═══ The data ═══
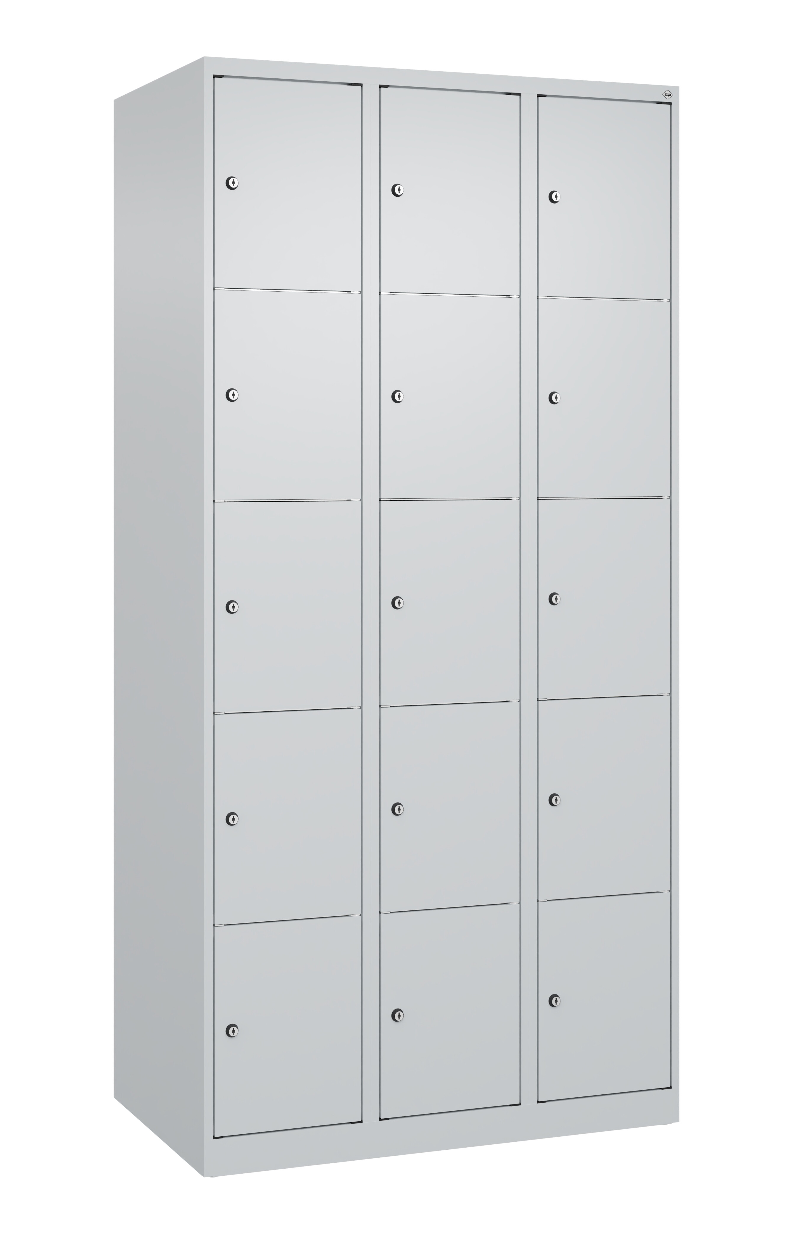 Schließfachschrank Classic PLUS, 3 Abteile mit je 5 Fächern, Abteilbreite 300 mm, Korpus aus stabiler Stahlkonstruktion mit hochwertiger Einbrennbeschichtung für hohe UV- und Korrosionsbeständigkeit, mit Bodengleitern als praktischer Schrank- und Fußbodenschutz, Türöffnungen 110 Grad, Türaufhängung rechts, Stahl-Türen mit Soft-Anschlag und geschlossenen Seitenprofilen für hohe Stabilität, Türaufhängung in stabilen Drehbolzen, 15 Zylinderschlösser mit 2 Schlüsseln, Schließkreis bis 1000 verschiedene Schließungen, Maße (H x B x T): 1850 x 900 x 500 mm, Korpus: RAL 7035 Lichtgrau, Türen Stahl: RAL 7035 Lichtgrau, Gewicht: 58 kg
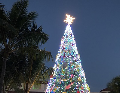 ハロウィンが終わると、街はクリスマスの装いに変わります。12月にハワイに来ると、ホテルのロビーやTギャラリアの入り口、あちらこちらにクリスマスデコレーションが施されています。一方、ビーチに足を延ばせば青い海とヤシの木がそよぐ風景は、12月ということを忘れてしまいそうです。
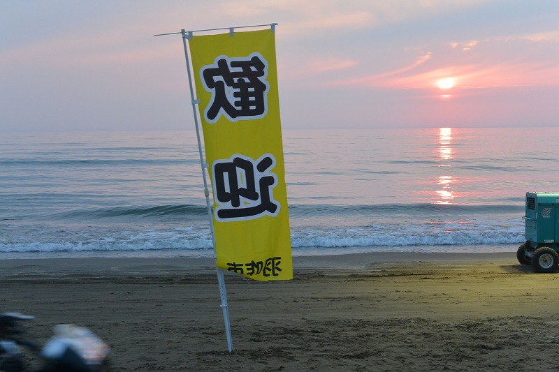 夕日は水平線に半分
═══
What is expected - Drop the pictures, then write out only the lines running from the one containing "ハロウィンが終わると、街はク" through the last line above, both included, exactly.

Answer -
 ハロウィンが終わると、街はクリスマスの装いに変わります。12月にハワイに来ると、ホテルのロビーやTギャラリアの入り口、あちらこちらにクリスマスデコレーションが施されています。一方、ビーチに足を延ばせば青い海とヤシの木がそよぐ風景は、12月ということを忘れてしまいそうです。
 夕日は水平線に半分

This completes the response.